The role of Nero was originally a castrato; in this production it was taken by mezzo-soprano Alice Coote, so this gave the production an Andrew Davies-esque Sapphic edge on occasion as she became amorously entwined with Danielle de Niese as Poppaea. Add to that the roles of Arnalta (sung by tenor Wolfgang Ablinger-Sperrhacke) and the Nurse (countertenor Dominique Visse, bearing something of a resemblance to Mrs T), and the fact that Drusilla and Otho swap clothes later, and the plot becomes very confusing indeed. I suspect some of these elements are written for laughs; like Handel's Giulio Cesare a couple of years ago, there was quite a bit of camping up at times. An obvious contrast came from the character of Seneca, sung by bass Paolo Battaglia.
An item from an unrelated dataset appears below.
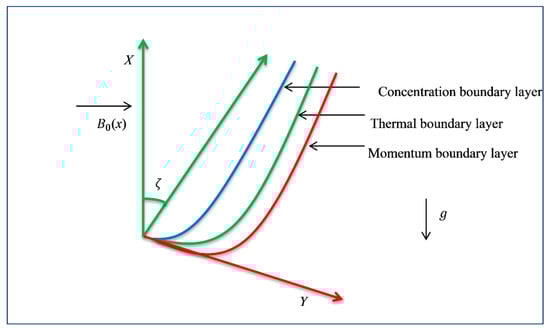 Over the last few decades, scholars have paid prodigious attention to the boundary layer flows towards stretching inclined surfaces. The primary reasons behind such substantial thought is their mechanisms and uses. This commitment to the investigation of boundary layer flows is due to their vast utilization in industries, technology, and engineering such as the extrusion of plastic sheets, glass fiber production, crystal growing, hot rolling, wire drawing, metal and polymer extrusion, and metal spinning. Ramesh et al. [21] examined the boundary layer flow towards a slanted sheet. Abo-Eldahab et al. [22] studied the energy transport towards an extending slanted sheet. Rehman et al. [23] investigated the heat and mass exchange flow through an inclined surface. The flow of Powell–Erying fluid towards an inclined surface by incorporating the radiation impact was examined by Hayat et al. [24]. Recently, Tlili [25] studied the flow of Jeffrey fluid towards a slanted sheet by incorporating the heat generation effect.

Emmanuelle Haïm directed a small Orchestra of the Age of Enlightenment from the organ/harpsichord most demonstratively.

It was a very hot and humid day and the air conditioning in the hall did not really cope with the weather. Combined with a long performance with only a single interval, and an overrun of 20 minutes, and it was quite heavy going. Alhough there were some cuts (and a further couple of scenes were listed as "missing"), the work didn't seem to have much slack. The audience was appreciative of the performance, but also, I suspect, appreciative of its conclusion.